Expanded analysis of SQL operations#2749
Conversation
Codecov Report❌ Patch coverage is Additional details and impacted files@@ Coverage Diff @@
## main #2749 +/- ##
======================================
Coverage 0.00% 0.00%
======================================
Files 66 66
Lines 9812 10002 +190
======================================
- Misses 9812 10002 +190 ☔ View full report in Codecov by Sentry. 🚀 New features to boost your workflow:
|
Require view-table permission for reads discovered inside write SQL analysis, including INSERT ... SELECT and CREATE TABLE ... AS SELECT. Record additional SQLite authorizer callbacks as Operation values so unsupported functions, savepoints, virtual table DDL, and unknown callbacks are denied unless explicitly handled.
|
Some useful feedback from GPT-5.5 xhigh/Codex:
|
|
I'm confident it is not possible with a SQLite3 analyzer callback to tell the difference between an Solution: I'm going to enforce that the user has |
Raw SQL insert and update statements can have broader effects than their SQLite authorizer callbacks reveal. INSERT OR REPLACE and UPDATE OR REPLACE can delete conflicting rows while only surfacing insert or update operations. Expand table insert and update operations to require insert-row, update-row, and delete-row together. Keep delete operations mapped to delete-row, and update the analysis UI/API to report and evaluate multiple required permissions for a single operation. Refs #2749 (comment)
|
This issue, marked as P2 is interesting:
Effectively we're saying that, if a user can create a table, they can trigger any function on subsequent inserts to that table. So we don't have a good way of blocking function calls.
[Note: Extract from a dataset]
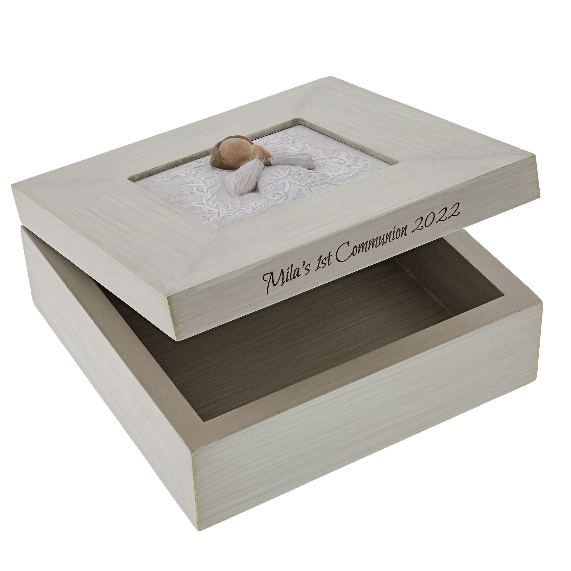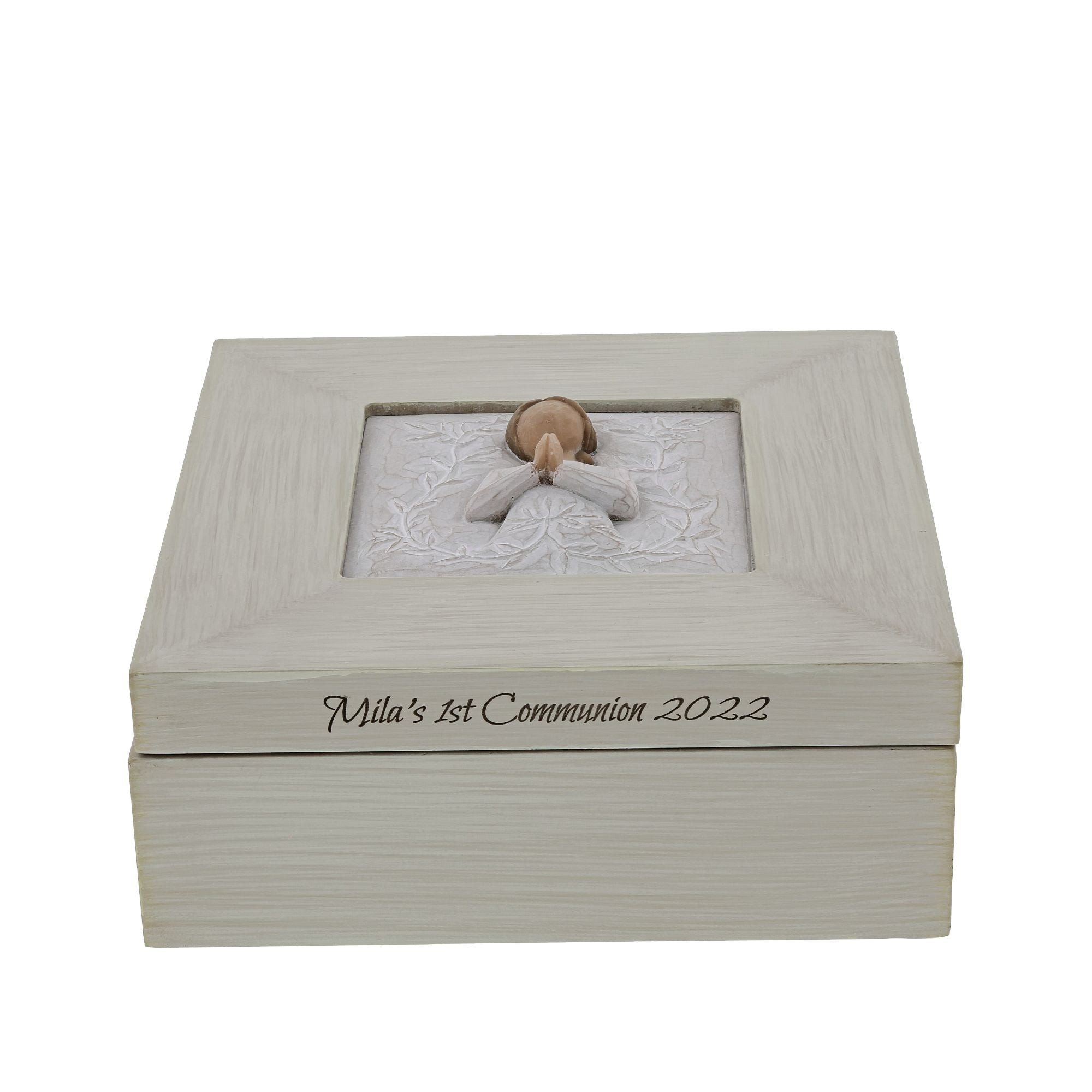 Eine fein gearbeitete Schachtel aus Harz und Holz mit Klappdeckel, ideal zur Aufbewahrung wertvoller Gegenstände mit emotionalem Wert. Ein Geschenk, das Trost und Hoffnung spendet. Zur Feier spiritueller Meilensteine wie Taufe, Erstkommunion und Firmung.

Does this actually matter? I'm not convinced that it does, for our application. |
|
I think I'm going to need documentation around the new This does raise the question of whether |
|
The reason I started down the path of analyzing SQL writes to check if the user should be able to write to those tables actually related to stored queries. If I want Datasette to work as more of an application platform - especially interesting now that agents can help non-SQL-literate people write SQL queries - then it makes sense that we might want a wider range of less sophisticated users able to construct new SQL write queries... if we can keep that safe. On that basis, being able to distribute I'm going to keep pushing on this a little further, but I'd like to get really confident that this is feasible before I ship the next alpha. |
|
There is something very promising about datasette-agent getting the ability to execute write queries within a tightly controlled permission landscape though - that on its own may be worth sticking with this. |
|
(I do worry that when Datasette extends to other databases like PostgreSQL it may prove impossible to recreate the per-table finely grained permissions we've built for SQLite though.) |
|
Oh this is interesting... I had Claude look into "whether the SQLite3 authorizer mechanism can be used to detect an INSERT OR REPLACE based just on running an explain query" and it came back with a solution that uses https://claude.ai/share/c4212606-3fee-4b7c-bc97-505e0348ccac Here's Python code it wrote: import sqlite3
# SQLite p5 flag bits relevant to OP_Insert (from sqliteInt.h):
OPFLAG_NCHANGE = 0x01
OPFLAG_EPHEM = 0x02
OPFLAG_ISUPDATE = 0x04 # this OP_Insert is the rewrite half of an UPDATE
OPFLAG_APPEND = 0x08
OPFLAG_USESEEKRESULT = 0x10
OPFLAG_LASTROWID = 0x20
def _main_program(rows):
"""Return only the rows belonging to the top-level VDBE program.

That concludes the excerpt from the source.